Dáil debates

Thursday, 3 December 2020

Finance Bill 2020: Report Stage (Resumed) and Final Stage

 

3:25 pm

Photo of Richard Boyd BarrettRichard Boyd Barrett (Dún Laoghaire, People Before Profit Alliance) | Oireachtas source

I welcome the Minister's engagement and the commitments he just made. I have given him some new information, which I hope he will follow up. The letter, which he would have got today, elaborates on that.

There is Orwellian, Janus-faced double-speak coming from the producers that are getting the relief. In order to get the money, they are telling the Minister that they will do certain things. They are not just quietly not doing them and breaking their commitments, though. Rather, they are breaking them publicly. Their representative from Screen Producers Ireland has given witness evidence in court against workers to the effect that the recipients of section 481 relief could never be anyone's employer. This is a serious abuse. The same producer companies are getting the relief year after year.

The consequences for the workers are serious. If the continuity of service provided by someone whom the respondent agreed had been working on productions associated with it for ten years did not make the producer the employer, it means the employee's pension rights are messed up.

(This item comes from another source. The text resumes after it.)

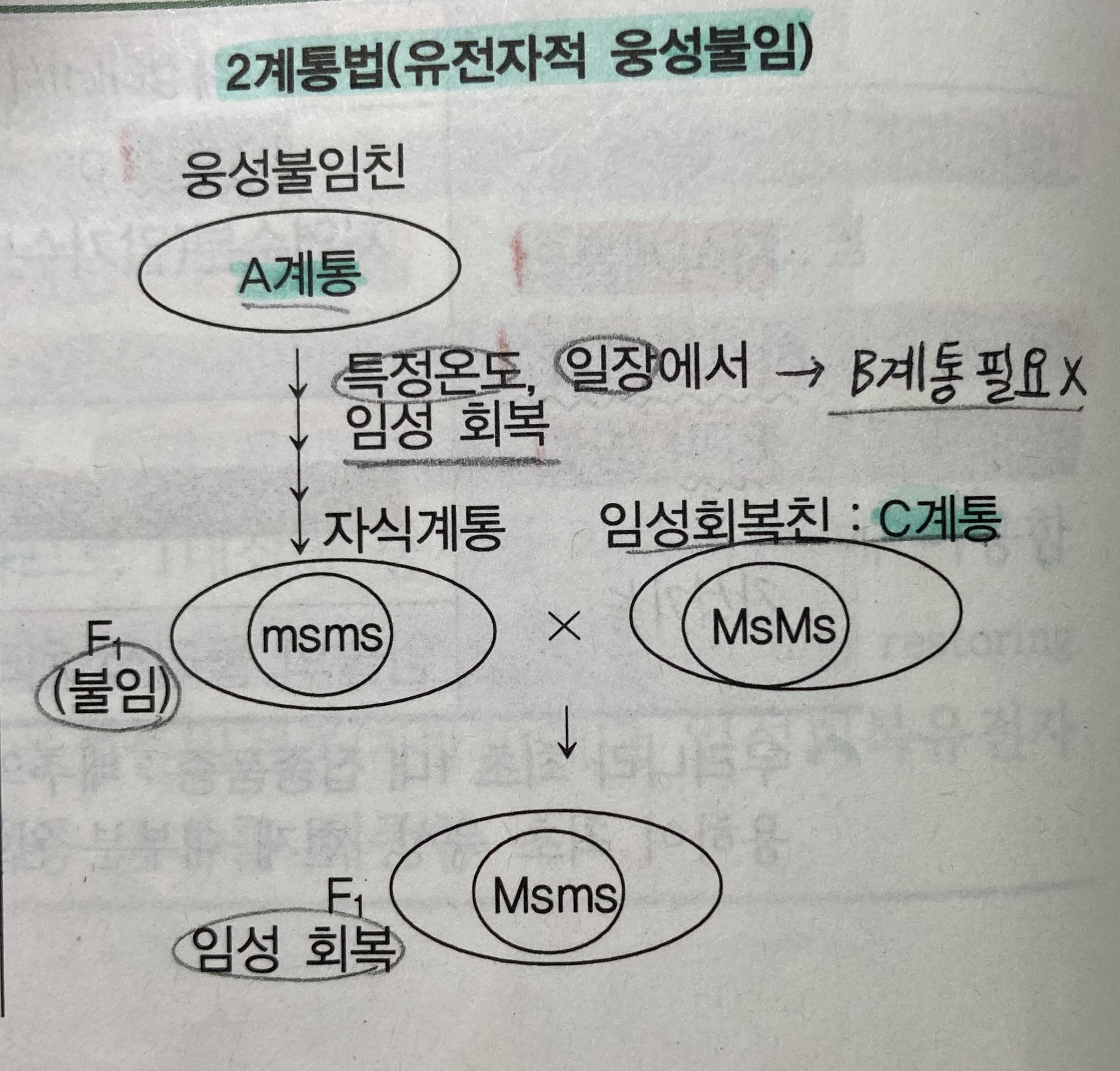 특정 온도와 일장에서 '임성을 회복'하는 환경감응형 웅성불임성이 왜 그림에서는 불임을 유지하는데 쓰이며 임성을 회복한다면서 임성회복친(C계통)이 왜 필요한가요?? 임성을 회복한다는게 가임이 된다는 것 아닌가요?

The Unfair Dismissals Act does not apply to them. Rights they have by law simply disappear because a producer who gets the relief sets up a designated activity company, DAC, then says he or she has nothing to do with any of these things or the employees in the DAC. It is shocking. The consequence is not just for those workers, but for delivering on the creation of an industry with a permanent, developing and trained pool of workers - the crew one needs to make films and, indeed, attract investment to film.